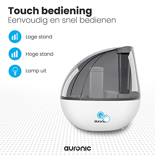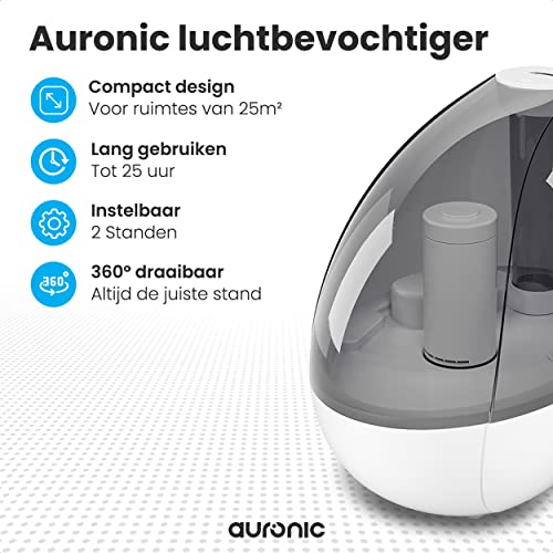 Auronic Ultrasoon Luchtbevochtiger– Humidifier – Luchtbevochtigers – Luchtbevochtiger Babykamer Slaapkamer Kinderkamer – 1,5L – Fluisterstil – Tot 25 Uur – Wit
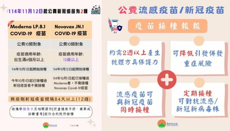 衛生局表示,今年公費流感疫苗第二階段(50至64歲無高風險慢性病成人)已於11月1日起展開,11月12日 起公費新冠疫苗有2個選擇,由於接接種疫苗後約需兩週才有足夠的保護力,提醒民眾儘早接種,尤其是65歲以上長者、幼兒、慢性病患等高風險族群應趕快接種,可降低併發重症及死亡的風險。
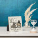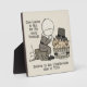 Der kleine Junge wird auf einem Baumstumpf in einer bettelvollen Position gesehen. Er ist wie ein Pilger gekleidet und hält an, um sich für seine vielen Segnungen zu bedanken. Vor ihm sitzend ist ein großes Fass mit dem Wort "Harvest", das von Kürbissen und Kürbissen überflutet ist und seinen Hut auf sie gelegt hat, während er betet.
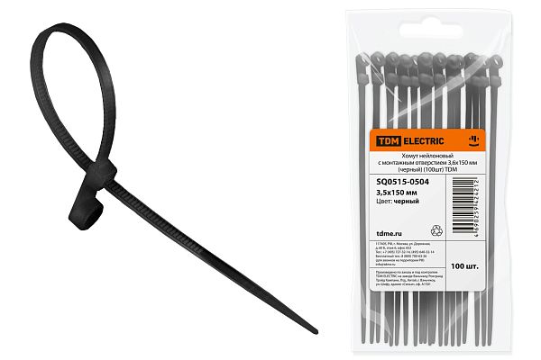 Электротехническая инфраструктура на объекте может иметь разную конфигурацию, в том числе довольно сложную со множеством подключенных потребителей, однако строгие требования к безопасности неизменны. Они прописаны в отраслевых стандартах и другой нормативной документации. И зависит итоговый результат непосредственно от качества электромонтажа и используемых комплектующих. Хомут нейлоновый с монтажным отверстием 3,6х150 мм (черный) (100шт) TDM (SQ0515-0504) — небольшая, но очень важная деталь, которая тоже отвечает за корректную работу оборудования. Устанавливается довольно просто, но с эксплуатационными нагрузками при этом справляется на отлично. Качество гарантировано многоступенчатым контролем на заводе TDM. При заказе уточните артикул SQ0515-0504 и количество позиций.

EXERCISE DESCRIPTION :: After dropping the pictures, please set down the lines from the beginning of the listing through the line containing "Der kleine Junge", both included, exactly as they stand.

WRITTEN REPLY ::
 Auronic Ultrasoon Luchtbevochtiger– Humidifier – Luchtbevochtigers – Luchtbevochtiger Babykamer Slaapkamer Kinderkamer – 1,5L – Fluisterstil – Tot 25 Uur – Wit
 衛生局表示,今年公費流感疫苗第二階段(50至64歲無高風險慢性病成人)已於11月1日起展開,11月12日 起公費新冠疫苗有2個選擇,由於接接種疫苗後約需兩週才有足夠的保護力,提醒民眾儘早接種,尤其是65歲以上長者、幼兒、慢性病患等高風險族群應趕快接種,可降低併發重症及死亡的風險。
 Der kleine Junge wird auf einem Baumstumpf in einer bettelvollen Position gesehen. Er ist wie ein Pilger gekleidet und hält an, um sich für seine vielen Segnungen zu bedanken. Vor ihm sitzend ist ein großes Fass mit dem Wort "Harvest", das von Kürbissen und Kürbissen überflutet ist und seinen Hut auf sie gelegt hat, während er betet.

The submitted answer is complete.